- **Work order**: Write out all of the records precisely. Skip anything that is a picture.

Start of Dataset excerpts

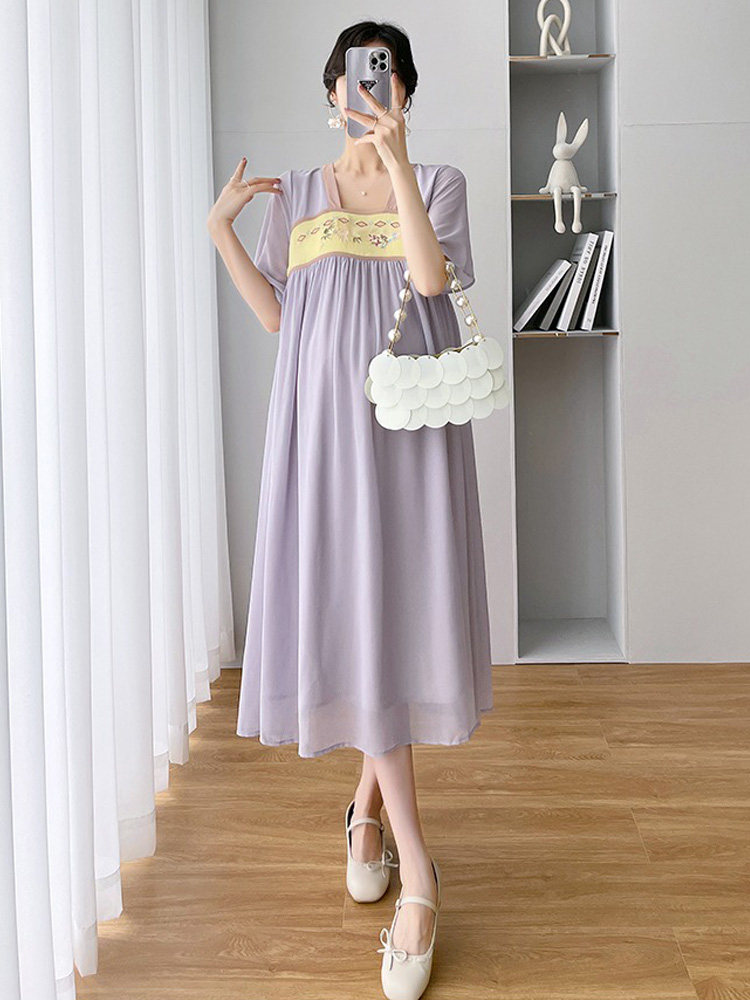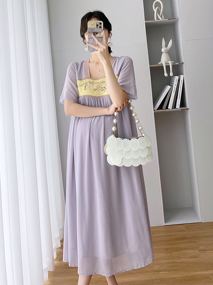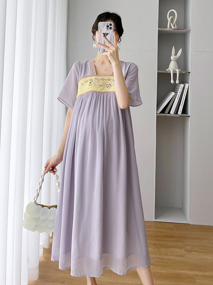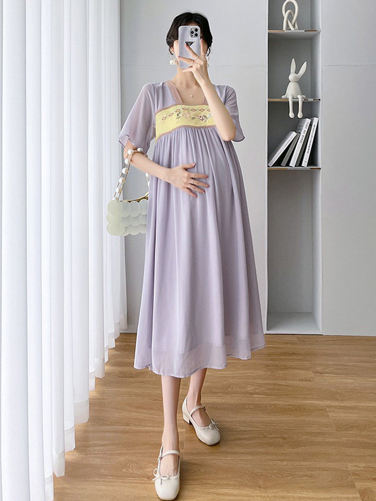 Летняя одежда для беременных, летний модный комплект, шифоновое ханьфу, платье, юбка, квадратный вырез, свободный крой
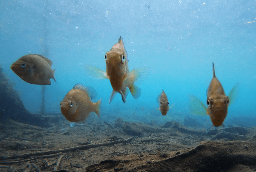 Bluegill sunfish (and one spotted) missing their typical bar patterns.
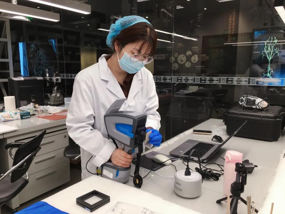 北大团队成员正在进行8号坑出土玉器的FTIR光谱检测
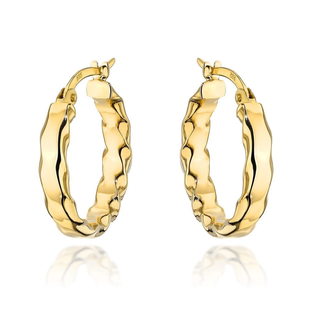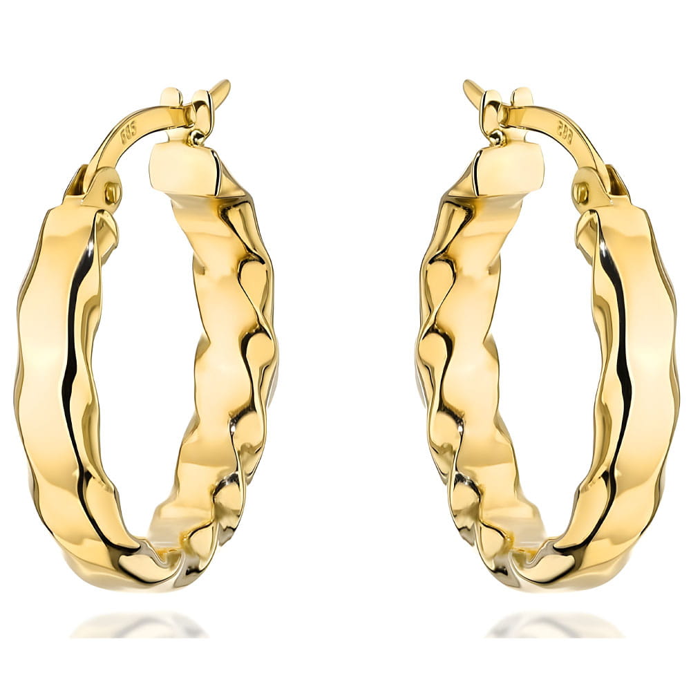 Złote Kolczyki Koła ze Skręconym Wzorem - Złoto 585
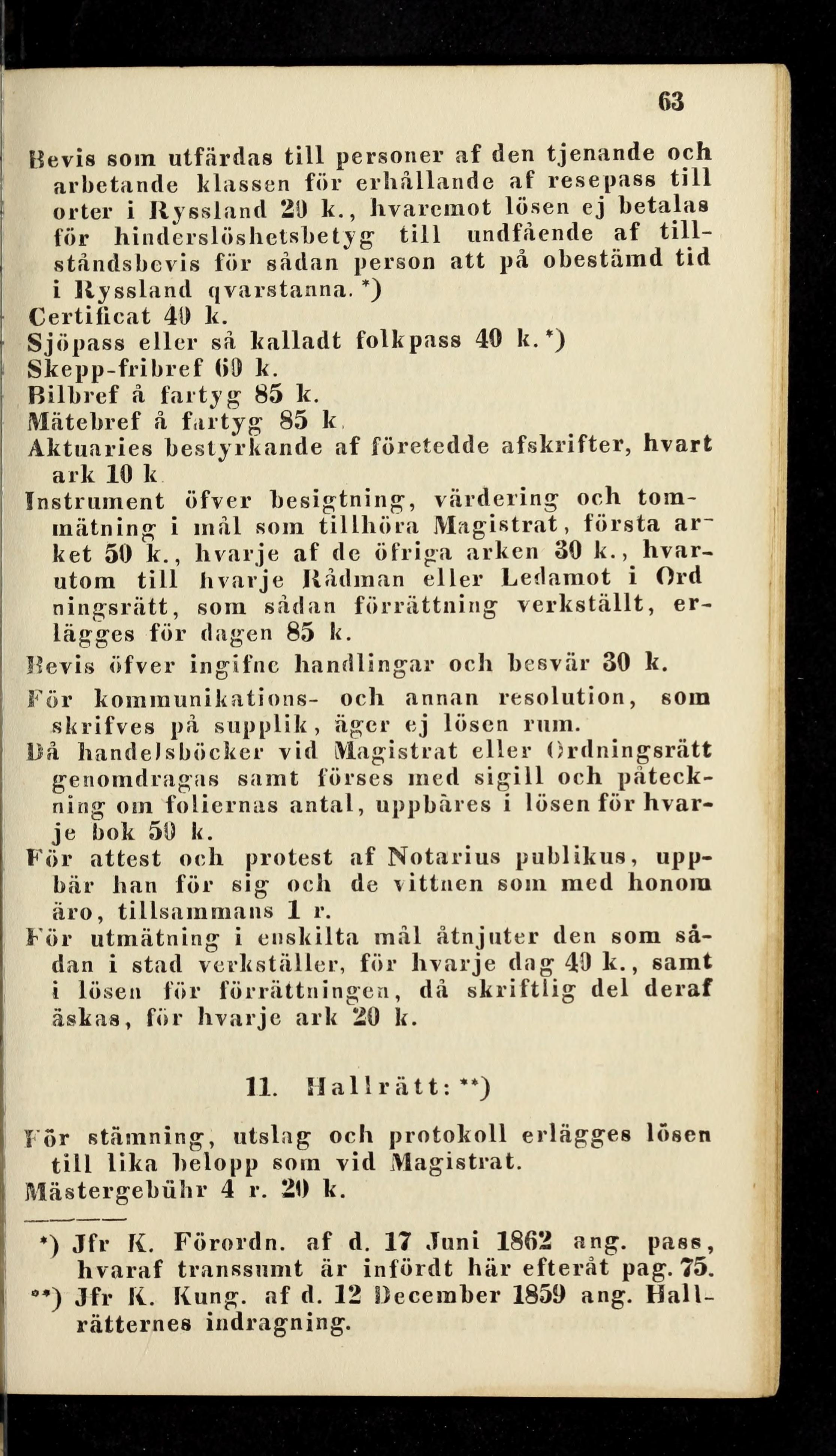 **) Jfr K. Kung. af d. 12 Becember 1859 ang. Hall-

End of Dataset excerpts

- **Result of the exercise**:
 Летняя одежда для беременных, летний модный комплект, шифоновое ханьфу, платье, юбка, квадратный вырез, свободный крой
 Bluegill sunfish (and one spotted) missing their typical bar patterns.
 北大团队成员正在进行8号坑出土玉器的FTIR光谱检测
 Złote Kolczyki Koła ze Skręconym Wzorem - Złoto 585
 **) Jfr K. Kung. af d. 12 Becember 1859 ang. Hall-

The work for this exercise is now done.